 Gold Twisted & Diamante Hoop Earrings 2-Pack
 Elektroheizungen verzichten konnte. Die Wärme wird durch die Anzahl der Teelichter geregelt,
——————
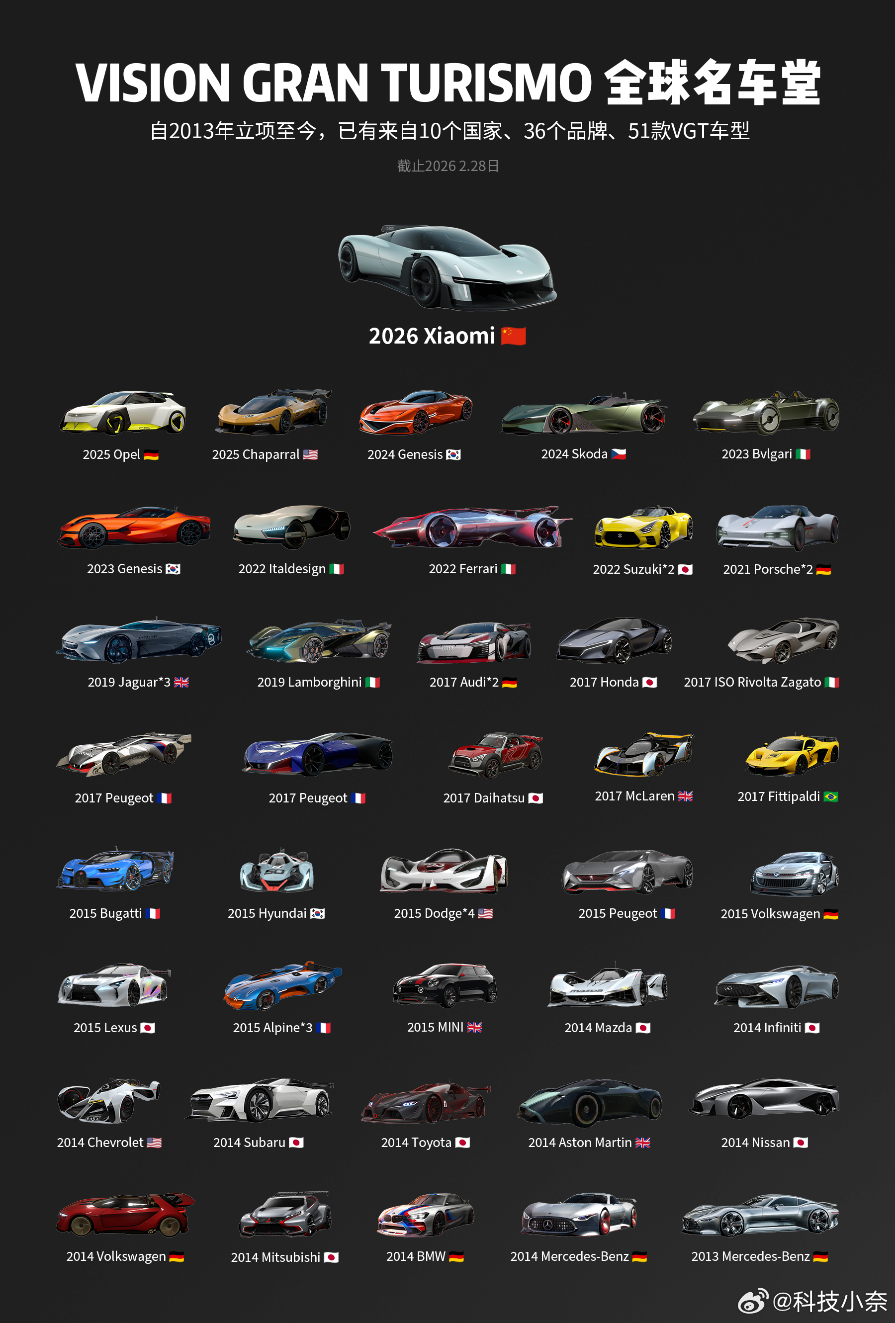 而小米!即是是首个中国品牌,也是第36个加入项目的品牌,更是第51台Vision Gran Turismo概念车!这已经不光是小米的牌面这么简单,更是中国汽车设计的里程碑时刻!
——————
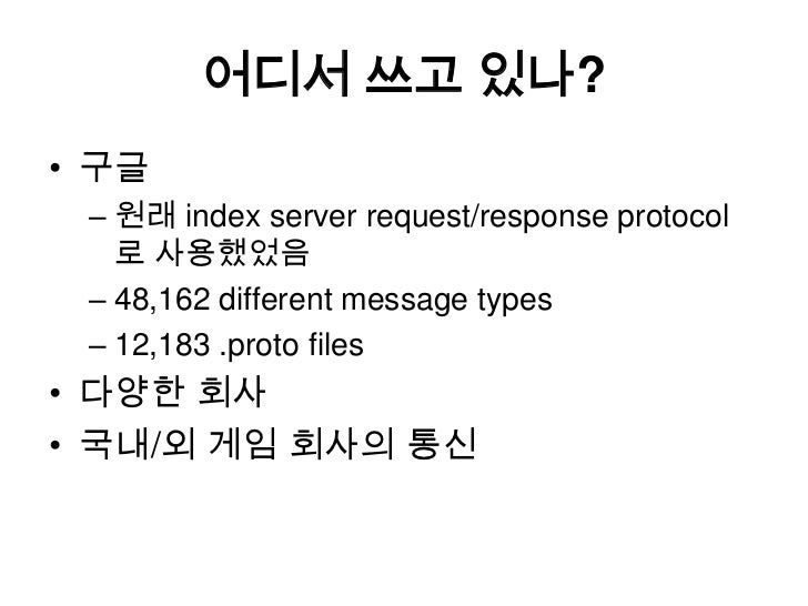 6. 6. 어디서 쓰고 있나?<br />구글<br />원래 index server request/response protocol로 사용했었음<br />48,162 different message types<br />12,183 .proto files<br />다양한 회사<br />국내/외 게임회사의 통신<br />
——————
## WHAT TO PRODUCE
From the data above, output only the lines between the line containing "Gold Twisted & Diamante Hoop Earrings 2-Pack" and the line containing "Elektroheizungen verzichten konnte.", inclusive, exactly as written.

## ANSWER SPACE
 Gold Twisted & Diamante Hoop Earrings 2-Pack
 Elektroheizungen verzichten konnte. Die Wärme wird durch die Anzahl der Teelichter geregelt,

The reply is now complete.